The rest of the week is kind of blurry. I do vaguely remember telling my brother, housemate of three years now, that he needs to be a big boy and leave the nest. He is supposed to be out by the middle of November (it's so far out because he is going to be in Europe for three of those months). I'll be sad and happy to see him go. Nicholas also has been a source of conflict. We were at the store a few days ago, who knows when, when he picked up a foam water float and used it like a gun. Complete with sound effects and pointed at other hapless customers. This must be ingrained into little boys because we don't have anything resembling a gun in the house and I don't think the feature guns on Blue's Clues. There is no telling where this came from, but it was certainly unexpected.

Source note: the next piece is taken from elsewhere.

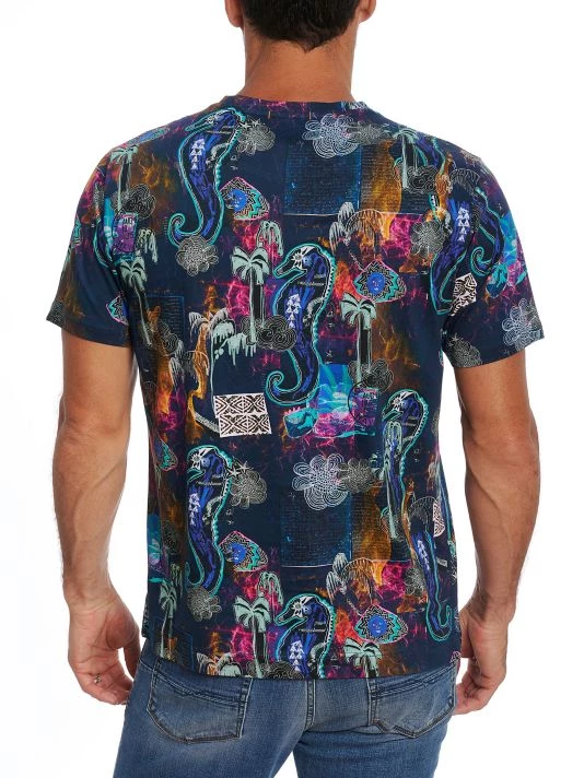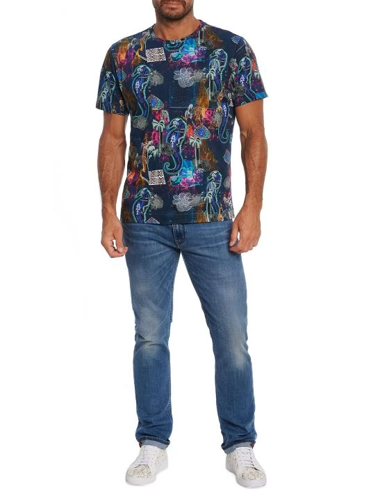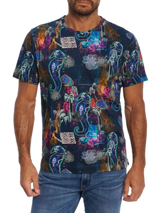Whimsical sea-inspired graphics cover this slim-fit cotton jersey tee.

I think I've blathered on long enough. Now to surf the internet and peek into other lives.
Thursday, June 16, 2005
I almost forgot to add that I aced my last test. Of course, it was expected as it is an introductory course . . . and we got to take the test home. It did take me all weekend and I messed up on one ambiguous question on heritability, but there were some people who failed - - - a TAKE HOME test. I wonder if they knew they were allowed to use the book ;).
Well, going to class today was not a total waste of time. We spent the evening discussing sleep disorders and spent a little bit of class on how they effect animals. Apparently, some goats suffer from myatonia when they become frightened. I know it's cruel, but I laughed so hard while watching these videos, from a scientific perspective, of course.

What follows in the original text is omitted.